(Stored items from a collection)
((

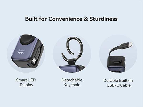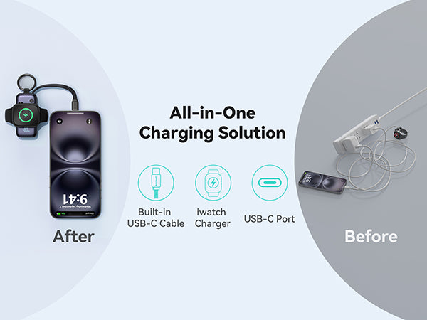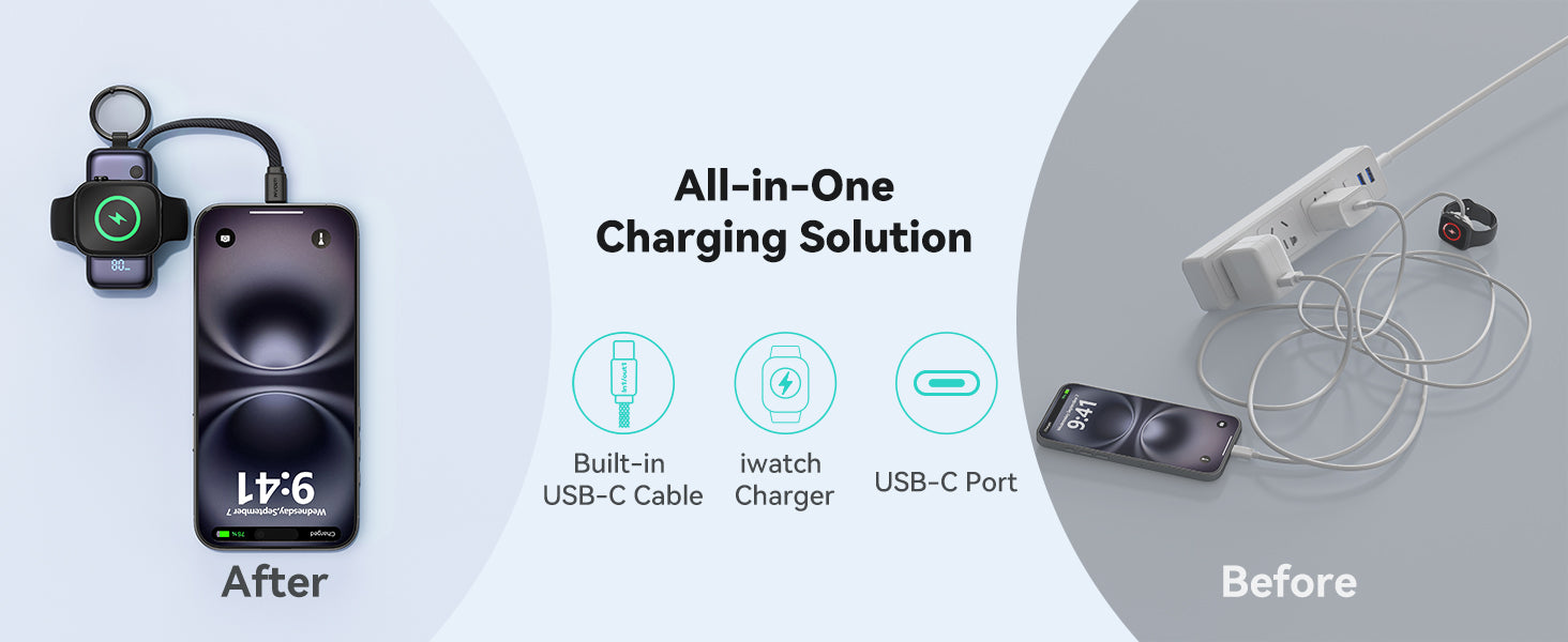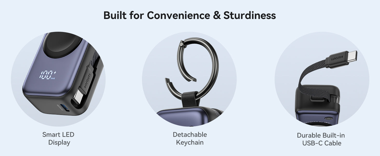 - [Multi-Device Charging] Equipped with a built-in USB-C cable and an additional USB-C port, this portable power bank powers your iPhone, iwatch, and AirPods simultaneously—without the hassle of carrying multiple chargers.
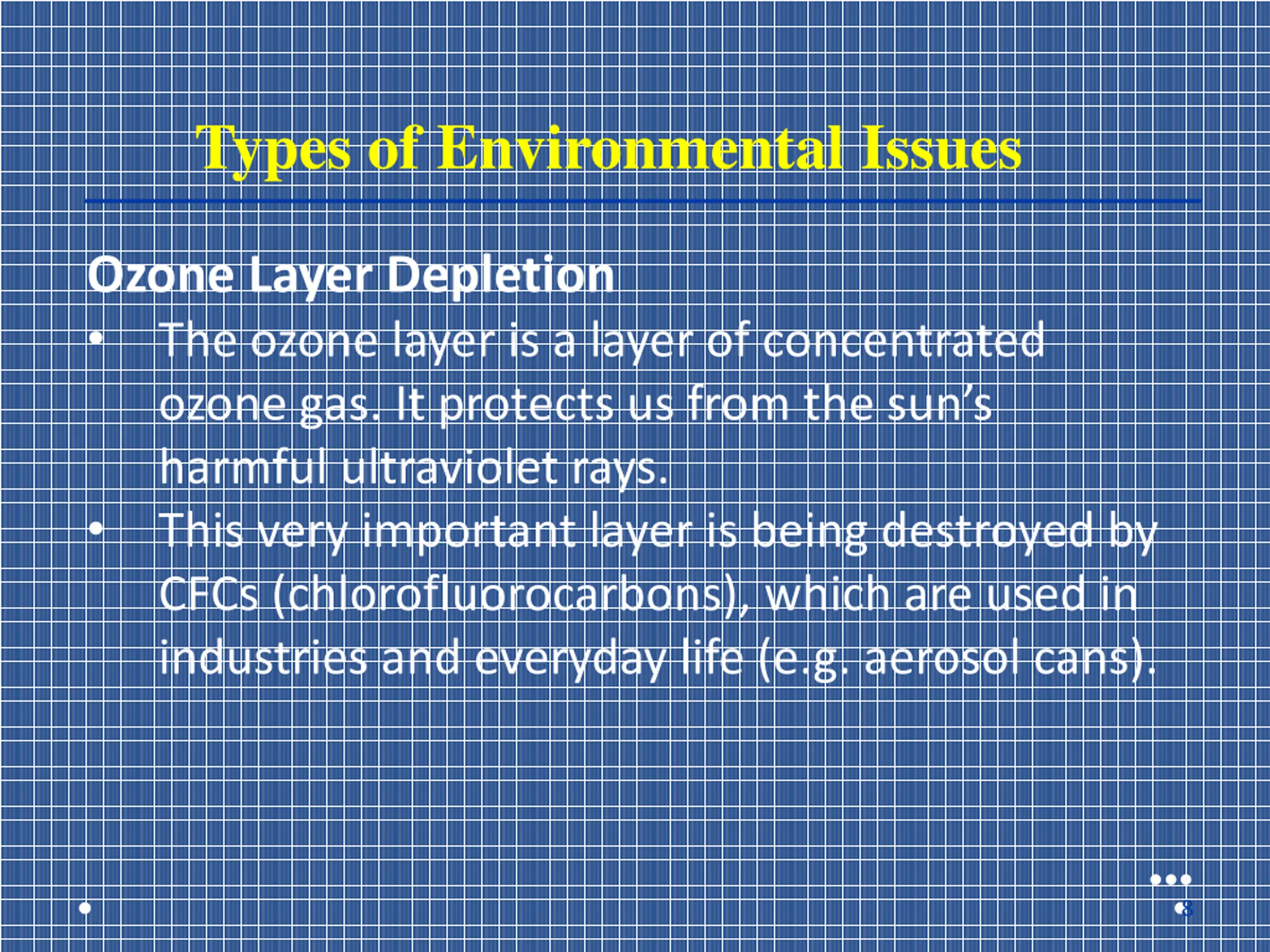 Types of Environmental Issues Ozone Layer Depletion The ozone layer is a layer of concentrated ozone gas. It protects us from the sun s harmful ultraviolet rays. This very important layer is being destroyed by CFCs (chlorofluorocarbons), which are used in industries and everyday life (e.g. aerosol cans). 8
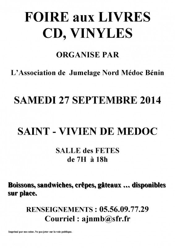 Foire aux Livres, CD, Vinyles organisé par l'Association de Jumelage Nord Médoc Bénin.
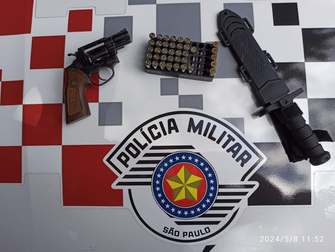 Com a autorização da vítima, os policiais realizaram uma busca domiciliar. Durante a busca, dentro de um guarda-roupa de uso comum do casal, foram encontradas 36 munições intactas e um estojo deflagrado dentro de uma touca, além de um revólver calibre .38, com a numeração suprimida e cabo de madeira da marca Rossi.
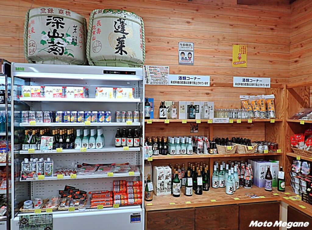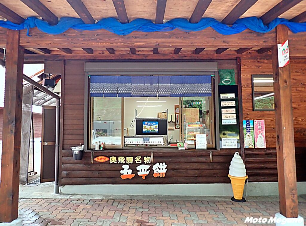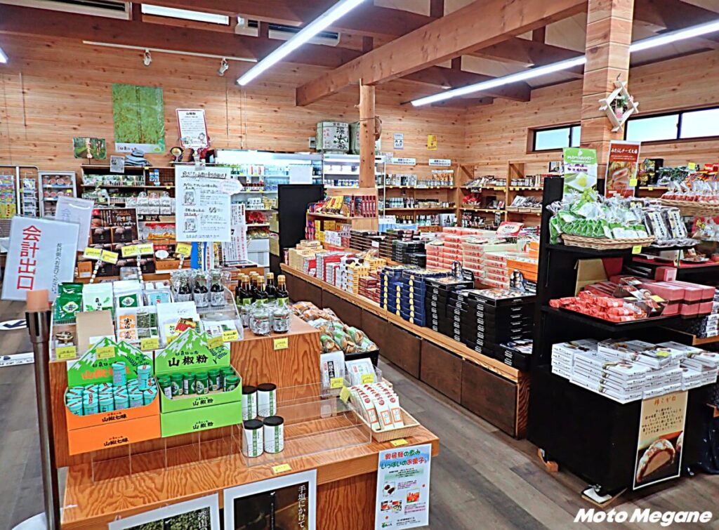 物産館では地場特産品や地酒、土産品を販売。夏季は農産物の直売も行う。特産品では、飛騨山椒や本ワサビ、エゴマ商品、朴葉味噌、赤かぶら漬けなどの漬物が並ぶ。物産館の外では、名物の五平餅を販売。自家製味噌に山椒を加えたオリジナルの味噌を使用しており、甘めの味噌と山椒の香りが相性抜群だ。

))

▸ What is being asked:
Print only the lines from the line that contains "Types of Environmental" to the final line of the data, inclusive. Pictures stay out.

▸ Response area:
 Types of Environmental Issues Ozone Layer Depletion The ozone layer is a layer of concentrated ozone gas. It protects us from the sun s harmful ultraviolet rays. This very important layer is being destroyed by CFCs (chlorofluorocarbons), which are used in industries and everyday life (e.g. aerosol cans). 8
 Foire aux Livres, CD, Vinyles organisé par l'Association de Jumelage Nord Médoc Bénin.
 Com a autorização da vítima, os policiais realizaram uma busca domiciliar. Durante a busca, dentro de um guarda-roupa de uso comum do casal, foram encontradas 36 munições intactas e um estojo deflagrado dentro de uma touca, além de um revólver calibre .38, com a numeração suprimida e cabo de madeira da marca Rossi.
 物産館では地場特産品や地酒、土産品を販売。夏季は農産物の直売も行う。特産品では、飛騨山椒や本ワサビ、エゴマ商品、朴葉味噌、赤かぶら漬けなどの漬物が並ぶ。物産館の外では、名物の五平餅を販売。自家製味噌に山椒を加えたオリジナルの味噌を使用しており、甘めの味噌と山椒の香りが相性抜群だ。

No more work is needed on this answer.